Counsel for the prosecution, Leighton Penrose, stood at the judge’s bidding, straightened his gown, adjusted his spectacles, fidgeted with his papers, looked round the courtroom and launched into his presentation of the case.
‘Your honour, members of the jury, the charge against Robert Purbright is that on Christmas Eve, 2009, he killed Lady Amelia Walden unlawfully at the Monk Fryston Hall Hotel. I shall call witnesses to show that he had the motive, means and opportunity to accomplish the murder, and I am confident that you will find the prosecution’s case compelling in its clarity and comprehensiveness. I shall take you through each of these elements of the crime in turn so that you can appreciate the cumulative effect of the evidence against the defendant, but I wish first of all just to outline for you the events of that fateful night.
‘Lady Walden was determined to celebrate her eightieth birthday intimately but in style, and to this end she organised a small dinner-party at the Hall. There were drinks beforehand in the panelled lounge, and then the party moved into the ball-room - which doubles as the most gracious banqueting-room imaginable - for the meal proper. The guests at Lady Walden’s table, who numbered seven, comprised her son Tobias and his wife Brída, her friends Mr and Mrs Peregrine Dart, Sir Crispin and Lady Middleton, and the defendant, who was engaged in cataloguing her stamp-collection and who had for some time been a frequent visitor at her home, Farlington Hall, somewhat to the east of Easingwold on the edge of the Howardian Hills. The civilised discussion ranged over a variety of topics, as one would expect from such an educated and refined party, and the courses succeeded each other genteelly in a smooth and congenial atmosphere. At the conclusion of the meal, the party returned to the lounge, where coffee and liqueurs were served in front of the log-fire. Because of snow already on the ground and the forecast of a lot more to come on Christmas Eve, Lady Walden had, some days beforehand and with her guests’ agreement, booked them all in at the Hall for the night, just in case. There are worse ways of beginning Christmas Day, she told Tobias, than to wake in a stately seventeenth-century mansion and have breakfast served by courteous and experienced staff in somebody else’s dining-room, without the bother of preparation and clearing up.

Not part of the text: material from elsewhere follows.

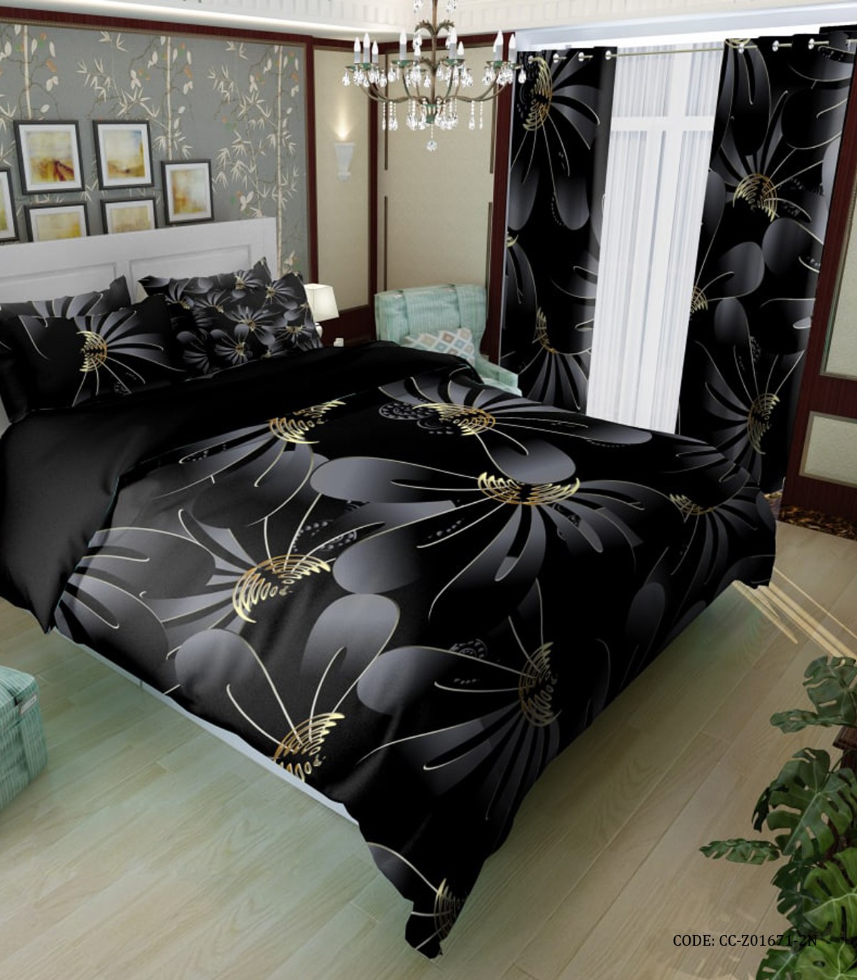 ست روتختی لحاف دوختدار مشکی طرح گل مدل زانکو

‘At about eleven o’clock, the Walden party decided, by common consent prompted by a clearly observable yawn on their hostess’s part, to go up to their rooms for the night. They occupied five bedrooms on the first floor at the back and side of the main building, all giving on to a common corridor just off the galleried landing at the front of the house. They bade each other goodnight and disappeared into their rooms. Silence fell, and the hotel settled down to a snow-shrouded Christmas Eve night of untroubled sleep.
‘In the morning, Tobias Walden knocked on his mother’s door - no. 5 - to ask whether she was ready to go down for breakfast, and there was no reply. He knocked again, and a third time, this time rather loudly, despite his concern that other slumbering guests might be woken. When he still received no reply, after a moment’s hesitation he tried the door-knob, and it turned. To his consternation, his mother lay lifeless in her bed. There were no visible signs of injury, and it appeared to him at that first moment that his mother had simply passed away in her sleep. However, his alert eye focussed on two features of the scene. Firstly, the skin around his mother’s nose and mouth seemed to be unusually red; and secondly, under the bed was a yellow filament from a curtain tassel, whereas the colour-scheme of his mother’s room was red. Tobias Walden immediately contacted the hotel staff, and the police were called. Inspector Moat and his team carried out a thorough investigation, and a post mortem revealed signs of homicidal asphyxiation with the aid of the victim’s pillow. The yellow tassel, or rather thread therefrom, was found to be from the room occupied by the defendant on that Christmas Eve night. The defendant was remanded in custody, and I shall now tell you, members of the jury, why you must, in the interests of justice, find him guilty of murder.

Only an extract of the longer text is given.